The House handily passed by voice vote in mid-September a slimmed-down version of the State Insurance Regulation Preservation Act, H.R. 5059, which was introduced by Reps. Keith Rothfus, R-Pa., and Joyce Beatty, D-Ohio.
The bill is now before the Senate Banking Committee.
Owning a thrift automatically places insurers under Fed supervision in addition to oversight from their domiciliary state insurance regulator and other states in which they do business.
Insurers are seeking efficiencies in the federal-state system by banishing overlapping or redundant supervisory requests in favor of a system that recognizes their primary structure as an insurer.

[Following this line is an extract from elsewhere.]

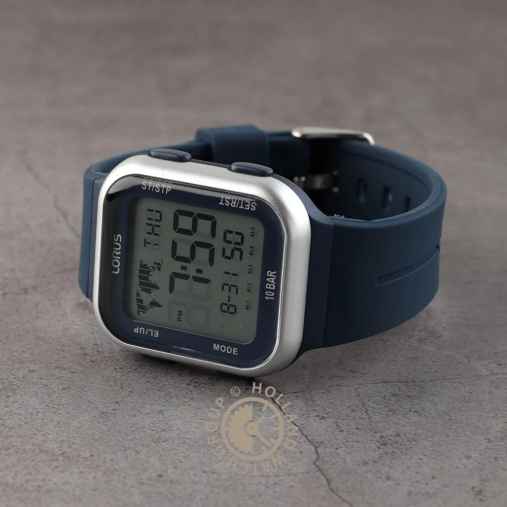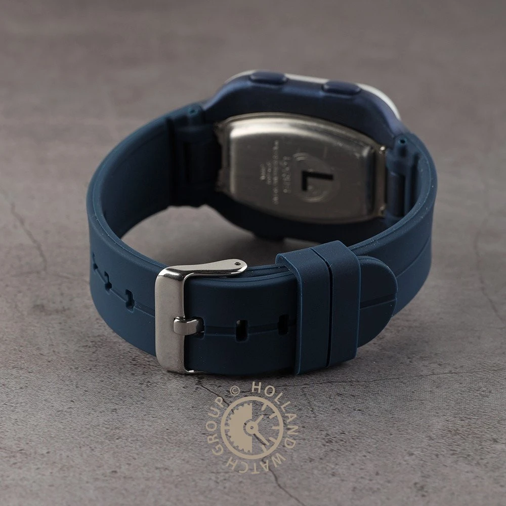 This Lorus watch has a case made of Resin with a diameter of 38 mm and is fitted with a rubber band. Inside the case lies a Seiko Instruments Inc. movement and the watch features a Plexi crystal.

There are fewer than a dozen insurance savings and loan holding companies (ISLHC) remaining, down from almost 30 after passage of the 2010 Dodd-Frank Act.
Currently, the Fed is working on capital standards for the ISLHCs under a framework called the "building-block approach," which is seen as not too dissimilar from state regulatory measurements, although the rules are not yet final.
Jack Dolan, spokesman for the American Council of Life Insurers, told ThinkAdvisor that the Fed's oversight "must take into consideration the unique aspects of the business of insurance and the state-based regulatory system."